Total RNA was extracted from mouse liver samples with the miRNeasy Mini kit (Qiagen, Inc., Valencia, CA, USA), according to the manufacturer's protocol. Following the quality and quantitation of RNA measurement with an RNA 6000 Nano kit (Agilent Technologies, Inc., Santa Clara, CA, USA), the samples (250 ng RNA/sample) were labeled using a miRCURY LNA™ microRNA Hi-Power Labeling kit (Hy3; Exiqon A/S, Vedbaek, Denmark) according to the manufacturer's protocol and subsequently hybridized onto a 3D-Gene® mouse miRNA Oligo chip (version 19; Toray Industries, Inc., Tokyo, Japan) according to the manufacturer's protocol. Scanning was performed with the 3D-Gene® Scanner 3000 (Toray Industries, Inc.). The 3D-Gene® extraction version 1.2 software (Toray Industries, Inc.) was used to read the raw intensities of the image. To determine changes in miRNA expression between Gal-9-treated and control samples, the raw data was analyzed using GeneSpring GX software, version 10.0 (Agilent Technologies, Inc.).

Statistical analysis

All analyses were performed using GraphPad Prism version 6.0 for Windows (GraphPad Software, Inc., La Jolla, CA, USA). Survival rate was analyzed using the log-rank test. Unpaired comparisons between groups were performed using the Mann-Whitney U test. Differentially expressed miRNAs were also determined with the Mann-Whitney U test. Hierarchical clustering was performed using the farthest neighbor method employing the absolute uncentered Pearson's correlation coefficient as a metric. A heat map was produced using the relative expression intensity for each miRNA, in which the base-2 logarithm of the intensity was median centered for each row. P<0.05 was considered to indicate a statistically significant difference and data are presented as mean ± standard deviation.

Results

Gal-9 prolongs overall survival in ConA-treated mice

Notably, in ConA-treated mice, the overall survival rate was significantly increased in Gal-9-treated mice compared with control mice treated with ConA + PBS (P<0.05; Fig. 1).

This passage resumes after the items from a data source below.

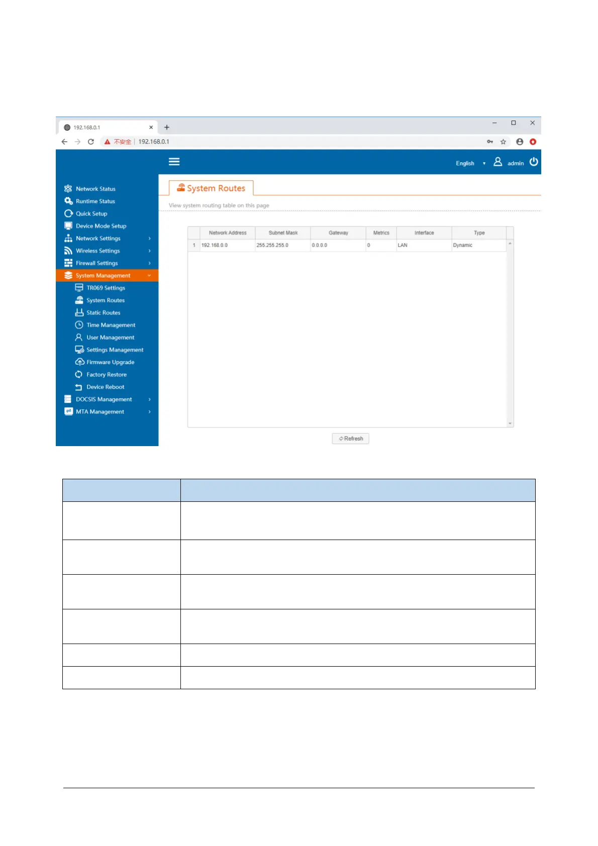 This page , you can view system routing table.
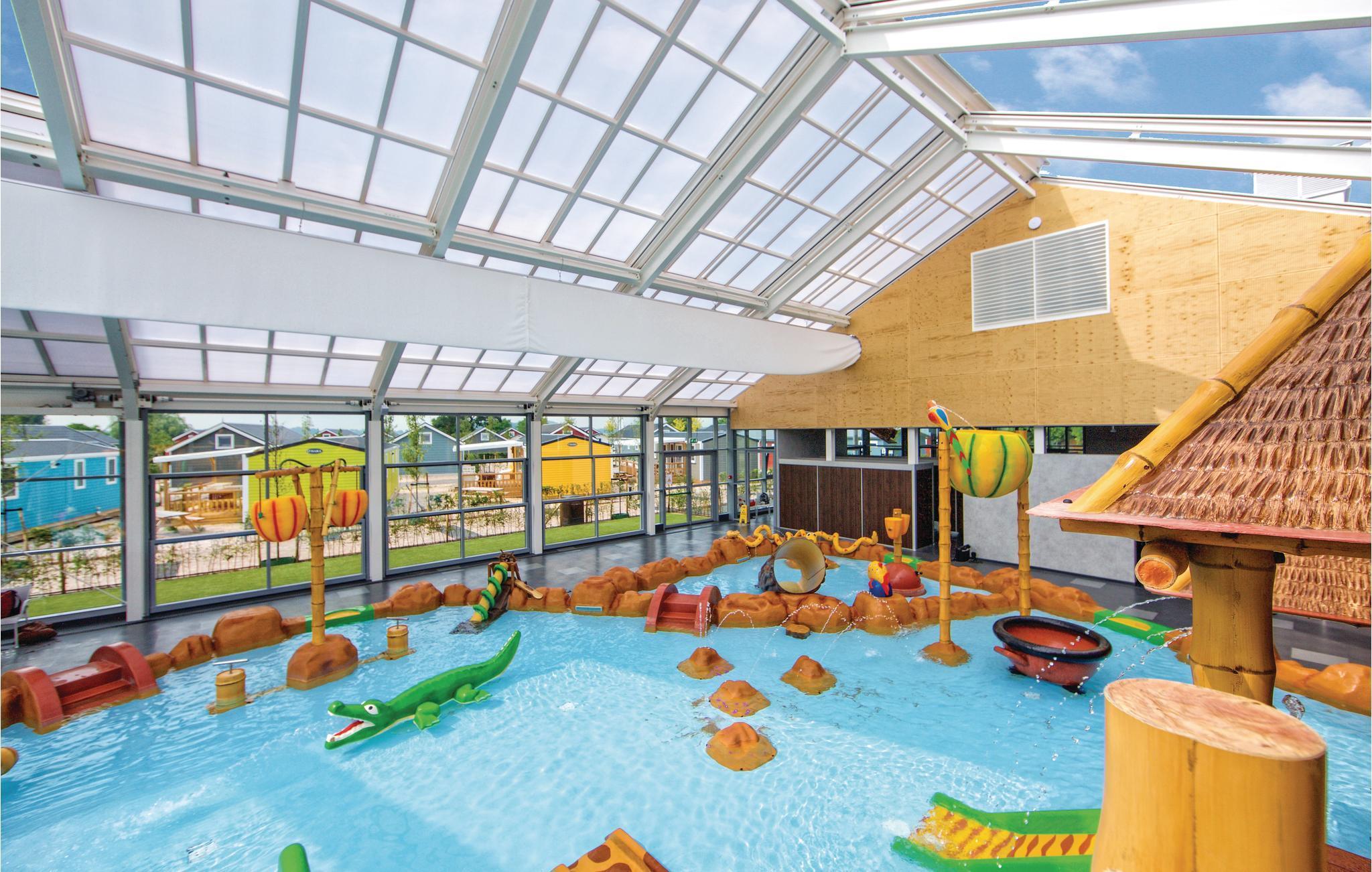 I bor i en feriepark med mange aktivitetstilbud, og om sommeren har I adgang til en overdækket udendørspool. Der er også en indendørs pool med vandrutsjebane og vandlegeplads. Tag og sidevægge kan skubbes til side i godt vejr. Der er også restauranter, indendørs legeplads og mulighed for vandsport.
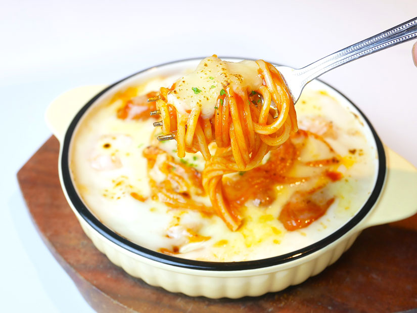 看板メニューの「わんぴーす名物スパゲッティグラタン」(1,680円)。長野県産の小麦を使用したスパゲッティに熱々トロトロのチーズがたっぷりと使われている一品です。
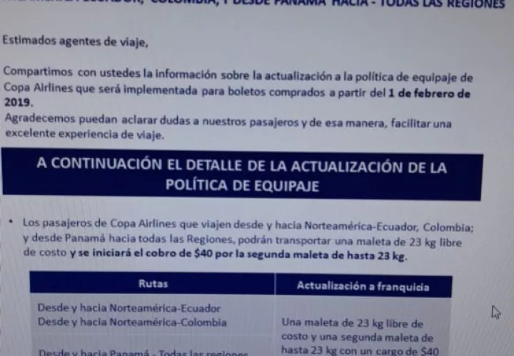 Los pasajeros de Copa Airlines que viajen desde y hacia Norteamérica - Ecuador, Colombia; desde Panamá hacia todas las regiones, podrán transportar un maleta de 23 kg. libre de costo y se iniciará el cobro de $40 por la segunda maleta de hasta 23 kg.

No deaths were observed in the PBS-only and Gal-9-only-treated groups.

Figure 1. Overall survival rates in ConA-treated mice in presence or absence of Gal-9. Mice were given a single intravenous injection of ConA (35 mg/kg body weight) and were observed for 48 h and checked for survival every 6 h. Gal-9 (100 µg per mouse) was injected subcutaneously immediately following the injection of ConA. The overall survival rate was significantly higher in Gal-9-treated mice compared with ConA-treated control mice. *P<0.05 vs. control. ConA, concanavalin A; Gal-9, galectin-9.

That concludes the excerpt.